The fuller foreword, by Dan Russ of Gordon College, provides a brief introduction to Sayers the person: how she became a famous novelist, struggled against the sexual constraints of early twentieth century Britain, loved the classics, the importance to her of the “passionate intellect.” The most important thing Russ focuses for the reader, though, is the program Sayers has in mind in the essay. Far more than a scheme to revamp school education in Britain, she lays out a model for teaching children how to think and doing so in a way that grafts onto their psychological maturation. Eschewing the system that divides all learning into “subjects” and then teaching these as if they were hermetically sealed off from one another, she argues for a re-enactment of the medieval Trivium, the basis for learning in an earlier age, and the foundation upon which the Quadrivium, or courses of study in which one might engage in later education, is built.

The Trivium is composed of the ancient categories of Grammar, Dialectic, and Rhetoric, but none of these words means what the modern reader is likely to think they mean. Yes, Sayers first advocates the study of language and makes a case for her beloved Latin, as something for the child in the “Poll-Parrot” stage to learn. They are to observe, memorize, and categorize, even if they do not fully understand what they are learning. Sayers rightly argues that this sort of learning of lists of words and categories, of verses of poetry and stories both classical and biblical, comes easily for young children who do not yet question, as they will when their critical faculties are more developed.

But she rightly extends the concept of “Grammar” to the fundamental principles and content of any discipline so that there is a “grammar” of science or mathematics or history or whatever, and children need to be introduced to those grammars at an early age. As she puts it: “Observation and memory are the faculties most lively at this period” (p. 24), and they are to be applied in many ways, including group recitation aloud.

Similarly, I would argue that adults, when they come to a new subject—let’s say, for instance, adult converts to Christianity, who know nothing about the faith until they encounter the risen Christ—those adults need to spend some time memorizing critical verses, names and stories, if they wish to press on and master the Bible and their faith. It is remarkable how many people are now even raised in the faith and know so little about it, and much of that ignorance stems from completely ignoring the “Grammar” stage of good learning.

The next step in the Trivium is the study of Dialectic. Sayers maps this discipline onto an age level she terms the “Pert” level, an age when everything is questioned and when children are often annoying in their self-confidence. Here the most important faculty is that of discursive reason, and the teacher needs to remind the student regularly of the rules of logic and its many false shadows: ad hominem argument, etc. This is the time of writing and debate, of dramatic performance and ethical discussion. In fact discussion and argument rule the day at this stage, but these are overseen by teachers who point out fallacies and hone the skills of argumentation in their students.

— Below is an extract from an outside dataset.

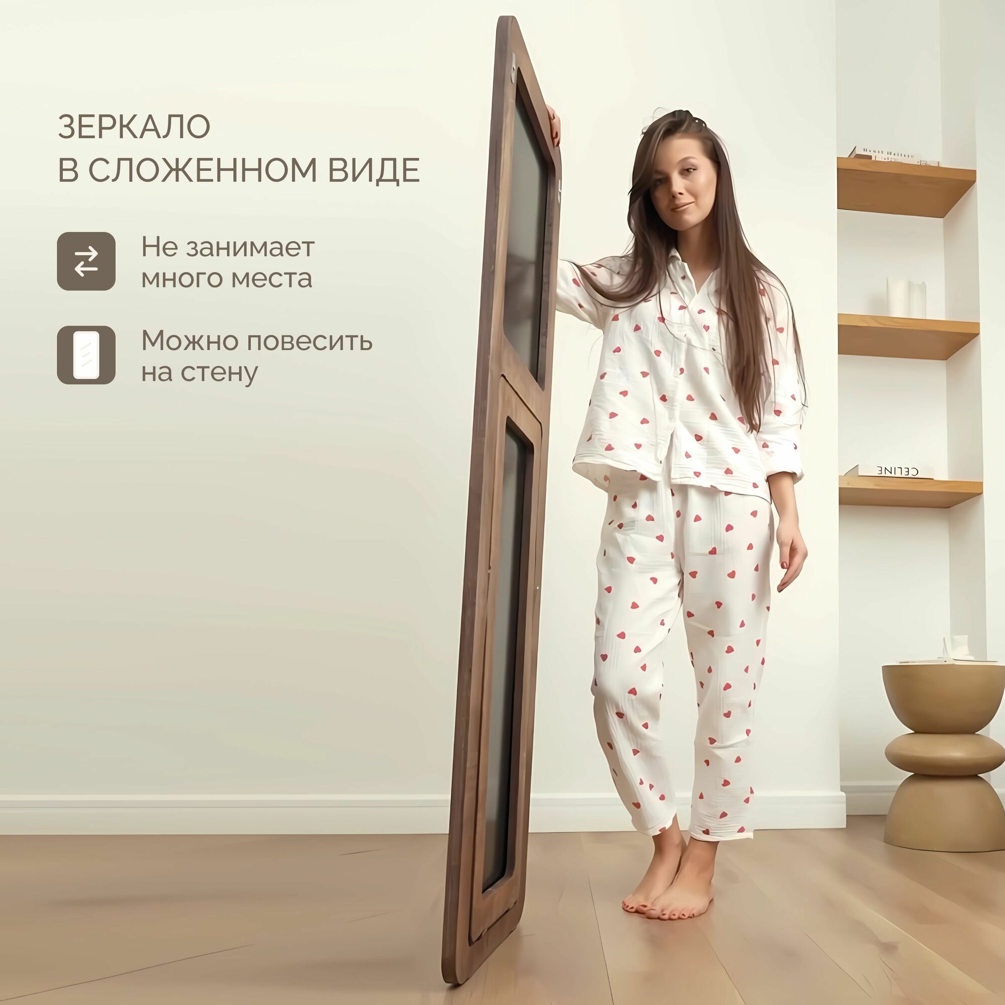 Зеркало напольное в полный рост ZASMOTRELIS, раздвижное, в деревянной раме, в прихожую, в гардероб, в комнату. информация:

At some point the child matures to the third level, that of Rhetoric or creation. Here, as Sayers says, “The doors of the storehouse of knowledge should now be thrown open for them to browse about as they will” (p. 28). Critical here is that the student be allowed to specialize, to follow paths that may lead them into some depth in order to master a subject and make it part of their being. This is called the Poetic stage because it revives the imagination and helps the student see where the foundations of logic and reason can be built upon, yes, but in some sense left behind in building now the floors and walls and roof of the house.

These are just the bare bones of an essay that makes for extraordinary reading. And it begs to be discussed.